── Data under study ──
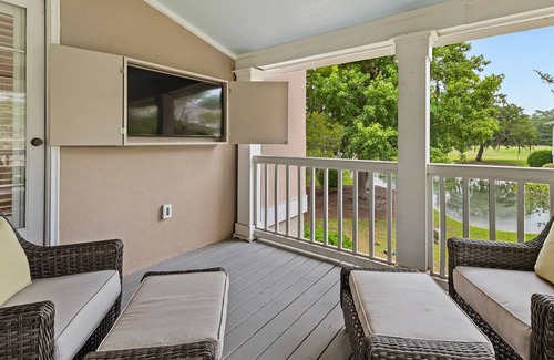 amenities include: wet-bar, tvs, wifi, keurig, large screen porch with tv, elevator, laundry room, fairway oaks villas community pool
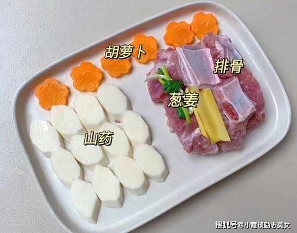 配料详情:买一根胡萝卜,选择约。排骨400克(排骨是最受欢迎的猪骨,肉很嫩,我们家喜欢蒸排骨或者炖排骨汤,排骨很好吃,但是一定要提前清洗干净),买约。山药200克(建议选择粗一点的山药,山药可以炖也可以蒸,口感软糯,营养价值很好,老少皆宜),小葱少许,凉水少许,适量淀粉少许,蚝油少许,姜几片,香菇粉一小勺,食用油少许,原味酱油一勺等调料。
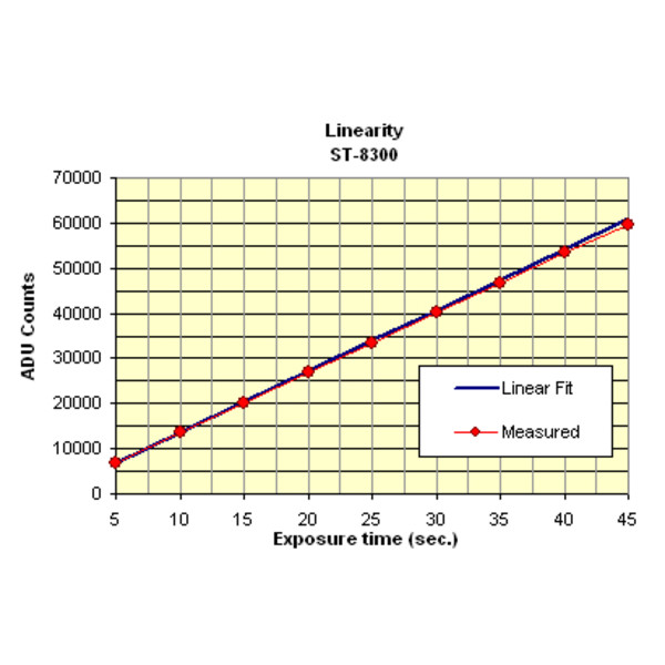 Linearity: Linearity is measure of how flat the CCD response is to light with increasing exposure times. For instance, an ideal CCD will record exactly twice the signal in a 20 second exposure as it does in a 10 second exposure from a constant light source. This is particularly important in photometric studies where the CCD is used as a tool for measuring light at various wavelengths to determine the temperature of stars. The sample we measured is about 10x better than Kodak's allowed specification, with a response that is within about 1% of linear (up to approximately 50,000 counts (binned 2x2).
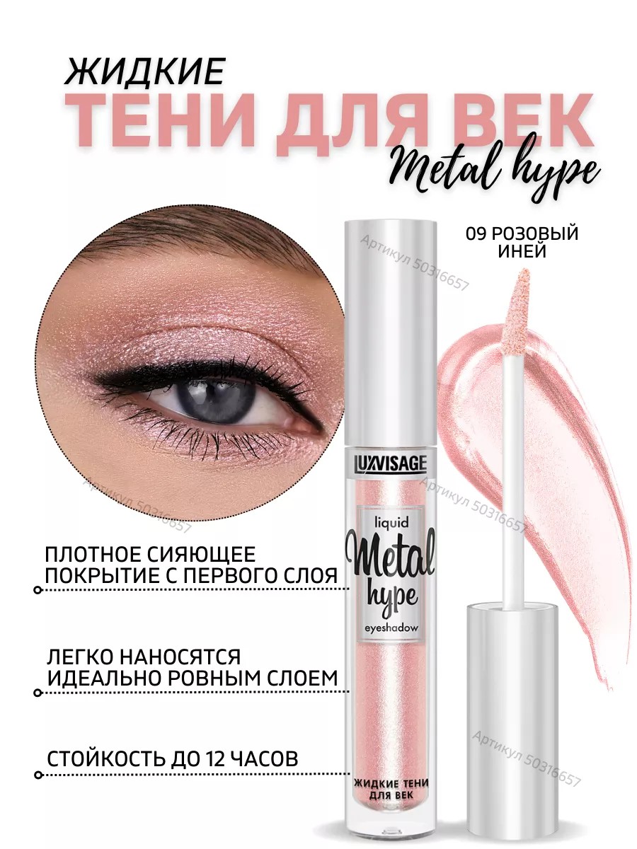 Metal Hype Long-Wear Liquid Eyeshadow is a trendy product for dramatic eye makeup with a vibrant metallic shine. Rich colors with a high content of pearlescent pigments create a dense, radiant finish from the first layer. The liquid gel texture of Metal Hype eyeshadow allows you to create stunning eye makeup in just a couple of minutes. It applies incredibly easily and quickly in a perfectly even layer, builds evenly, and blends to the desired consistency, from a vibrant shimmer to a delicately luminous veil. The eyeshadow dries quickly and maintains its vibrant color and shine for up to 12 hours. Absolutely light and weightless, it feels almost imperceptible on the eyelids. No primer is required. It removes easily with any makeup remover. Contains moisturizing and softening ingredients. ADVANTAGES: - Rich shades with a high pearl content - Dense, radiant coverage from the first coat - Easy to apply in a perfectly even layer - Lasts up to 12 hours. LuxVisage, LuxVisage, makeup, cream, base, foundation, shading, long-lasting, makeup artist, bestseller, Belarusian cosmetics, budget eyeshadow, bestseller, bestseller
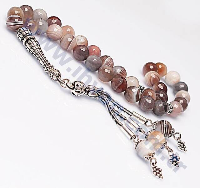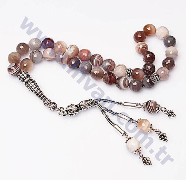 Ürün Adı: "Akik Taşı Tesbih (925 AYAR GÜMÜŞLÜ Fasetli)"
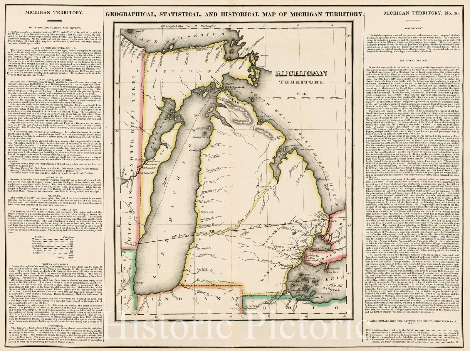Historic Map - Geographical, Statistical and Historical Map of Michigan Territory, 1823, Henry Charles Carey - Vintage Wall Art
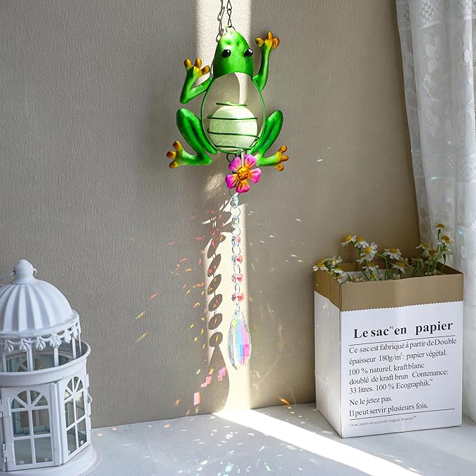 - Eye-Catching Design: The Metal Frog Suncatcher features a unique and intricately designed frog shape, premium quality metal and crystal,containing a fluorescent endothermic shiny ball, it fluoresces at night when the sun shines during the day,creating a delightful focal point wherever it is hung.
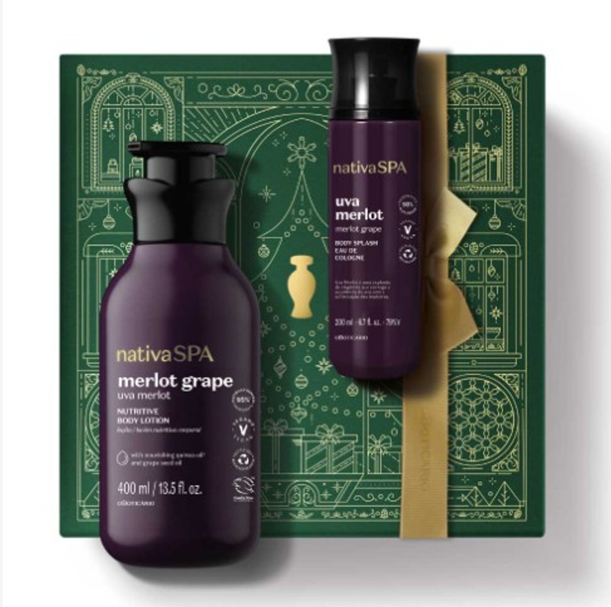 O Kit de Ñatal Pele Perfumada Nativa SPA Uva Merlot contém:
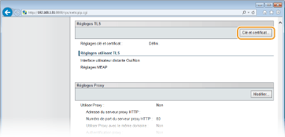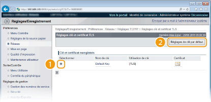 Si TLS est déjà activé par [Réglages de l'interface utilisateur distante] ou [Réglages impression IPP], [Réglages de clé par défaut] n'est pas affiché. Pour changer la clé à utiliser, reportez-vous à l'étape 6 et décochez les cases [Utiliser TLS] sous, respectivement, [Réglages de l'interface utilisateur distante] ou [Réglages impression IPP].
───
● **What you will do**: What the answer must hold: all the data above, given again exactly, without pictures.

● **Written reply**:
 amenities include: wet-bar, tvs, wifi, keurig, large screen porch with tv, elevator, laundry room, fairway oaks villas community pool
 配料详情:买一根胡萝卜,选择约。排骨400克(排骨是最受欢迎的猪骨,肉很嫩,我们家喜欢蒸排骨或者炖排骨汤,排骨很好吃,但是一定要提前清洗干净),买约。山药200克(建议选择粗一点的山药,山药可以炖也可以蒸,口感软糯,营养价值很好,老少皆宜),小葱少许,凉水少许,适量淀粉少许,蚝油少许,姜几片,香菇粉一小勺,食用油少许,原味酱油一勺等调料。
 Linearity: Linearity is measure of how flat the CCD response is to light with increasing exposure times. For instance, an ideal CCD will record exactly twice the signal in a 20 second exposure as it does in a 10 second exposure from a constant light source. This is particularly important in photometric studies where the CCD is used as a tool for measuring light at various wavelengths to determine the temperature of stars. The sample we measured is about 10x better than Kodak's allowed specification, with a response that is within about 1% of linear (up to approximately 50,000 counts (binned 2x2).
 Metal Hype Long-Wear Liquid Eyeshadow is a trendy product for dramatic eye makeup with a vibrant metallic shine. Rich colors with a high content of pearlescent pigments create a dense, radiant finish from the first layer. The liquid gel texture of Metal Hype eyeshadow allows you to create stunning eye makeup in just a couple of minutes. It applies incredibly easily and quickly in a perfectly even layer, builds evenly, and blends to the desired consistency, from a vibrant shimmer to a delicately luminous veil. The eyeshadow dries quickly and maintains its vibrant color and shine for up to 12 hours. Absolutely light and weightless, it feels almost imperceptible on the eyelids. No primer is required. It removes easily with any makeup remover. Contains moisturizing and softening ingredients. ADVANTAGES: - Rich shades with a high pearl content - Dense, radiant coverage from the first coat - Easy to apply in a perfectly even layer - Lasts up to 12 hours. LuxVisage, LuxVisage, makeup, cream, base, foundation, shading, long-lasting, makeup artist, bestseller, Belarusian cosmetics, budget eyeshadow, bestseller, bestseller
 Ürün Adı: "Akik Taşı Tesbih (925 AYAR GÜMÜŞLÜ Fasetli)"
Historic Map - Geographical, Statistical and Historical Map of Michigan Territory, 1823, Henry Charles Carey - Vintage Wall Art
 - Eye-Catching Design: The Metal Frog Suncatcher features a unique and intricately designed frog shape, premium quality metal and crystal,containing a fluorescent endothermic shiny ball, it fluoresces at night when the sun shines during the day,creating a delightful focal point wherever it is hung.
 O Kit de Ñatal Pele Perfumada Nativa SPA Uva Merlot contém:
 Si TLS est déjà activé par [Réglages de l'interface utilisateur distante] ou [Réglages impression IPP], [Réglages de clé par défaut] n'est pas affiché. Pour changer la clé à utiliser, reportez-vous à l'étape 6 et décochez les cases [Utiliser TLS] sous, respectivement, [Réglages de l'interface utilisateur distante] ou [Réglages impression IPP].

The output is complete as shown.